#### Material to process

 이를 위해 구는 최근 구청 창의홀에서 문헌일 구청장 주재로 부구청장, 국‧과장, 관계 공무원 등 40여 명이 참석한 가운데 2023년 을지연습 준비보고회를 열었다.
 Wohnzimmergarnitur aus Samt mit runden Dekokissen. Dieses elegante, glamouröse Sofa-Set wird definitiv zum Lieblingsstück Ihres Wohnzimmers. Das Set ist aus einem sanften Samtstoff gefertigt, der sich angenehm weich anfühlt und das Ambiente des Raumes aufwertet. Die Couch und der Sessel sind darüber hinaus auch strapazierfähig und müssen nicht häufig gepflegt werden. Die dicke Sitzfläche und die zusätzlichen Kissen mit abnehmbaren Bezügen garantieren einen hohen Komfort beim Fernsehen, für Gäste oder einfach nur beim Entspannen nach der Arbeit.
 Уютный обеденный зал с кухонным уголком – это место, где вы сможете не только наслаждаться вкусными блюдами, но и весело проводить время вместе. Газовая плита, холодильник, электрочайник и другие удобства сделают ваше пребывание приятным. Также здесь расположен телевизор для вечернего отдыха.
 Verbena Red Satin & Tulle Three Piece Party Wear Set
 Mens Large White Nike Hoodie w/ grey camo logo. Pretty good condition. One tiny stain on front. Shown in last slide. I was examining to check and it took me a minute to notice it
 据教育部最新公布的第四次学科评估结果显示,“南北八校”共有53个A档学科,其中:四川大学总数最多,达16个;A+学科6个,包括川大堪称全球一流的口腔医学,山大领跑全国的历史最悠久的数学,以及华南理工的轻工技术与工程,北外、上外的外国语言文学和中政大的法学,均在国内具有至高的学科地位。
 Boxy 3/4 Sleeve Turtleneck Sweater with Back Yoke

########
#### Material to process

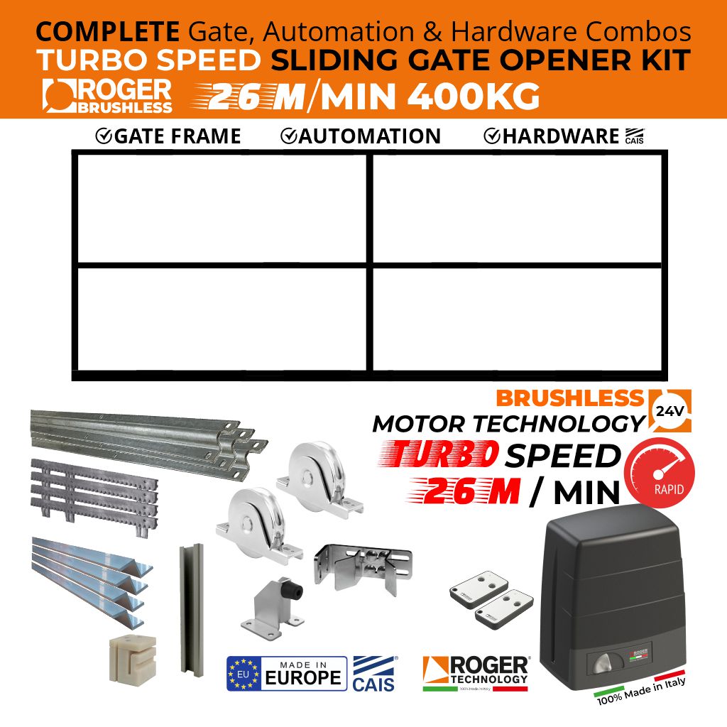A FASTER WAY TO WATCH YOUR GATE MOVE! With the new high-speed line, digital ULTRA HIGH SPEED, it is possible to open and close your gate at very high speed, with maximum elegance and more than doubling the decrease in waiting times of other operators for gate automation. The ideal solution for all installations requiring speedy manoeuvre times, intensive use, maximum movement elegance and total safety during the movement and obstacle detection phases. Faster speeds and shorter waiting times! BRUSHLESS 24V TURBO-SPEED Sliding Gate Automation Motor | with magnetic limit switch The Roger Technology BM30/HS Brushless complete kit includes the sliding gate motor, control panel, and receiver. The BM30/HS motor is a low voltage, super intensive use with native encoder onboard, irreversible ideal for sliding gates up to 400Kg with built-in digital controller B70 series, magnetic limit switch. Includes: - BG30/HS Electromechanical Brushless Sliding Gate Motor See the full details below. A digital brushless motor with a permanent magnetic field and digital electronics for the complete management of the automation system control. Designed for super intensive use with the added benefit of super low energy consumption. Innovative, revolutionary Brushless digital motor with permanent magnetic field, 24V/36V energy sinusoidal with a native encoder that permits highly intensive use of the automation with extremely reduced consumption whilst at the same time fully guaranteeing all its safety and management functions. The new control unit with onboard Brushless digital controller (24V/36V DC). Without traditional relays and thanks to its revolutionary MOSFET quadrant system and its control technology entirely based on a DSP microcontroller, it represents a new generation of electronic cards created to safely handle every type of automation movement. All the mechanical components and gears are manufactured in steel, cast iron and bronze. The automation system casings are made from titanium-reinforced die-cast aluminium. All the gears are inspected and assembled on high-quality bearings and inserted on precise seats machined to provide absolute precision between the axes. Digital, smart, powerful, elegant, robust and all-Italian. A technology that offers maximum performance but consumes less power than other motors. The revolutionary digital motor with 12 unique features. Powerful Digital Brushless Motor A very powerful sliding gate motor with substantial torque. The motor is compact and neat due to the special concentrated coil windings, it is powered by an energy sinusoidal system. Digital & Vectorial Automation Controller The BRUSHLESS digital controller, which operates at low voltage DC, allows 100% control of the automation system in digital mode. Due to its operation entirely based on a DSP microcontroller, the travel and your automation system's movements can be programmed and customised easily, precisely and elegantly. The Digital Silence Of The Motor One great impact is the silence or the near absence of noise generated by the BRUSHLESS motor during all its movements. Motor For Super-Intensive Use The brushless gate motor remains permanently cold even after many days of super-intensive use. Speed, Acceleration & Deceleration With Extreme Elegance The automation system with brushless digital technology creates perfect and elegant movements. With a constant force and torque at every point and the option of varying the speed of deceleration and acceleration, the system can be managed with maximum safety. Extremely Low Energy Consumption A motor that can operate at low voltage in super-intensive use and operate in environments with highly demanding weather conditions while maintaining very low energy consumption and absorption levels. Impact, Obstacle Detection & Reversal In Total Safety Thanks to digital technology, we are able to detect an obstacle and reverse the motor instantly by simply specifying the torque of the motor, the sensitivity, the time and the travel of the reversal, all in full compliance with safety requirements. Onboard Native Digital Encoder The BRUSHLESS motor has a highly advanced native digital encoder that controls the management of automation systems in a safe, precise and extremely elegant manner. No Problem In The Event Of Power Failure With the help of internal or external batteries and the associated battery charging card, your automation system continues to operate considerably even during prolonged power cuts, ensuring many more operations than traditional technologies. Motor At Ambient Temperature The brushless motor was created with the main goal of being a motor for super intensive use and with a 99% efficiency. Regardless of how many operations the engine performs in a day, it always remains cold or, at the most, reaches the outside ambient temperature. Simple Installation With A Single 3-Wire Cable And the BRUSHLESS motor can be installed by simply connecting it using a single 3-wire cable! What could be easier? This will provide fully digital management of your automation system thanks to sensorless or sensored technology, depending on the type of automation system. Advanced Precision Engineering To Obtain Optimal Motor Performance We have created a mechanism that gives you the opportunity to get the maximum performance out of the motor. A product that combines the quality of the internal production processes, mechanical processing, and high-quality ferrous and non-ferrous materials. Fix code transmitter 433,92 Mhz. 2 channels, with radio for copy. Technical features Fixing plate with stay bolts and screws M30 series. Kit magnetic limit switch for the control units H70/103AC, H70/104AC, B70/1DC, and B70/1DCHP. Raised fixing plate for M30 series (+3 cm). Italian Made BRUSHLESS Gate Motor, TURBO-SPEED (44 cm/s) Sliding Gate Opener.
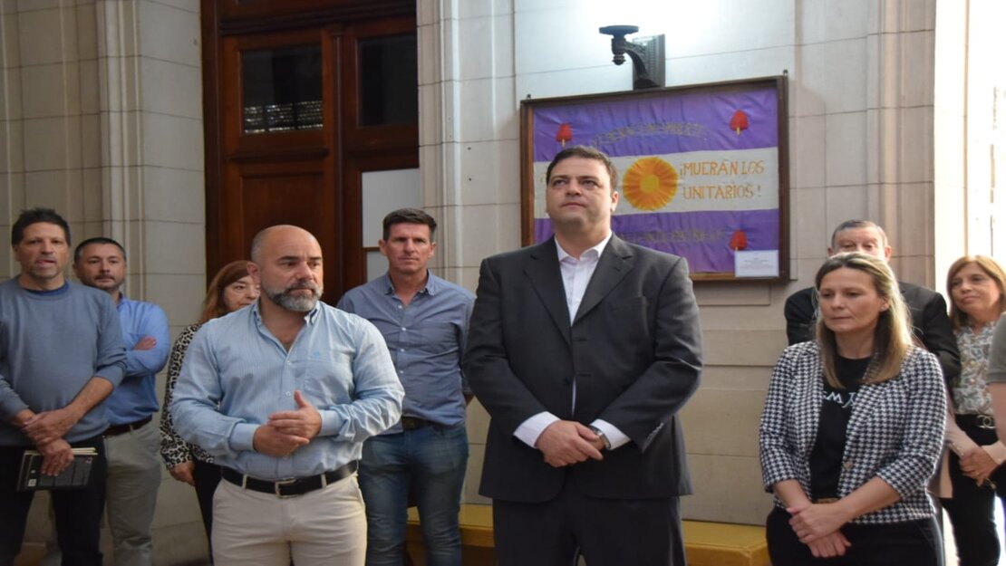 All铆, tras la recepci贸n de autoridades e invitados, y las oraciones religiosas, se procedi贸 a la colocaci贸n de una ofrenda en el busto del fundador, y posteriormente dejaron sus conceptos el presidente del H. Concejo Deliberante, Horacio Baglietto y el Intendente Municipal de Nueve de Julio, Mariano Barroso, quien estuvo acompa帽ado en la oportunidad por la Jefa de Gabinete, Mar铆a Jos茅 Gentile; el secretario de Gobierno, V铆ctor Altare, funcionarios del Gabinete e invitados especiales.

########
#### Material to process

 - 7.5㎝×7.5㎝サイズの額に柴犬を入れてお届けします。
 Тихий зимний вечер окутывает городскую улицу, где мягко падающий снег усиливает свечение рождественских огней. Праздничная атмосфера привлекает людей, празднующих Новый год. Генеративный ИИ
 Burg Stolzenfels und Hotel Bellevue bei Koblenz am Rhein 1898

########

> **What the task asks**
Leave out every line above except those from the line with "- 7.5㎝×7.5㎝サイズの額に柴犬を入れてお届けします。" up to and including the line with "Burg Stolzenfels und", and copy those exactly.

> **Solution to this problem**
 - 7.5㎝×7.5㎝サイズの額に柴犬を入れてお届けします。
 Тихий зимний вечер окутывает городскую улицу, где мягко падающий снег усиливает свечение рождественских огней. Праздничная атмосфера привлекает людей, празднующих Новый год. Генеративный ИИ
 Burg Stolzenfels und Hotel Bellevue bei Koblenz am Rhein 1898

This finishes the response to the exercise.